There are a few ways to get ChaReCo running:

1. Download the .exe (Windows)

  • Head to the Releases page on GitHub.
  • Download the latest .exe file.
  • Run the executable. No installation is required.

2. Install from GitHub using pip (Recommended for Python users)

  • Ensure Git and Python (3.8+) are installed and accessible in your PATH.
  • Open your terminal or command prompt and run:
    pip install git+https://github.com/lukaszliniewicz/ChaReCo.git
  • Once installed, you should be able to run the GUI using the command:
    chareco

3. Manual Setup from Cloned Repository

  • Ensure Git and Python (3.8+) are installed.
  • Clone the repository:
    git clone https://github.com/lukaszliniewicz/ChaReCo.git
  • Navigate into the directory:
    cd ChaReCo
  • Install dependencies:
    pip install -r requirements.txt
  • Run the application:
    python run.py

Using the Application:

  1. Launch ChaReCo.
  2. Enter a Git repository URL (for private GitHub repos, you can provide a PAT) or select a local folder path.
  3. Configure analysis options:
    • Toggle directory structure, file concatenation.
    • Set filters for included/excluded file extensions.
    • Define glob patterns for excluding specific folders (e.g., **/__pycache__, node_modules/*).
    • Choose whether to include/exclude .git related files, LICENSE, or README files.
  4. Click "Analyze Repository" or "Analyze Local Folder".
  5. Once analysis is complete:
    • View the generated structure and concatenated content.
    • Use the Search bar to find specific text within the loaded files (supports regex, case sensitivity, whole word). Search results will highlight matching files in the tree.
    • Select/deselect individual files or entire folders in the tree view to dynamically update the content in the main text area.
    • Copy the selected content to the clipboard or save it to a file.
  6. Use the generated text output in your LLM chat conversations.

Use Cases and Examples

Many of the original use cases remain highly relevant, now enhanced by more precise filtering and in-app search.

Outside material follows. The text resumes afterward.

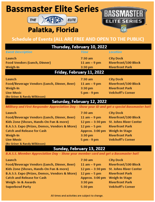 Other activities planned throughout the weekend at the AFTCO Bassmaster Elite at St. Johns River include: games and prizes for attendees, angler autographs and photo sessions and the opportunity to learn tips and techniques from some of the best bass anglers in the world.

1. Code Review and Refactoring

Example: You're working on a large JavaScript project and want to refactor the authentication system.

  • Use ChaReCo to analyze the repository.
  • Use include/exclude patterns (e.g., include *.js,*.ts, exclude folders node_modules/*,dist/*) to focus on source code.
  • Generate the folder structure to give the LLM an overview.
  • Select files related to authentication (e.g., auth.js, login.js, userModel.js) in the tree view.
  • Ask the LLM: "Based on this structure and these files, how can I refactor the authentication system to be more secure and efficient?"

2. Implementing New Features

Example: You need to add a new API endpoint to your Flask application.

  • Provide the full concatenated output of your Flask app to the LLM, filtering out test directories or virtual environments using glob patterns (e.g., **/tests/*, venv/*).
  • Ask: "Given this existing Flask application, how would you implement a new endpoint for user profile updates?"

3. Debugging

Example: Your React application has a state management bug, and you suspect it's related to a specific prop.

  • Use ChaReCo to load your React components.
  • Utilize the search feature to find all occurrences of the problematic prop or state variable. This helps identify relevant files quickly.
  • Select these files and provide their content to the LLM.
  • Ask: "I'm experiencing issues with state updates related to [propName] in these components. Can you identify potential causes and suggest fixes?"

4. Code Style and Best Practices

Example: Ensuring consistent coding style across a Python project.

  • Select a variety of Python files from different parts of your project. Use glob patterns to exclude auto-generated files or virtual environments.
  • Ask the LLM: "Review these files and suggest changes to make the coding style more consistent with PEP 8. Also, point out any Python best practices we're not following."

5. Documentation Generation

Example: Creating documentation for a complex module containing Python files and Jupyter Notebooks.

  • Use ChaReCo to copy the contents of a specific module. It will automatically convert .ipynb files to Markdown.
  • Ask the LLM: "Based on this code (including the converted notebooks), can you generate comprehensive documentation including function descriptions, parameters, return values, and usage examples?"

6. Learning and Understanding Code

Example: You've joined a new project and need to understand the codebase quickly.

  • Generate the folder structure of the entire project.
  • Use the search feature to find key terms, entry points (e.g., main, app.run), or specific API calls to understand data flow.
  • Ask the LLM: "I want to understand how this project works. Based on this structure and the content of main.py and core_module/, can you explain the main workflow?"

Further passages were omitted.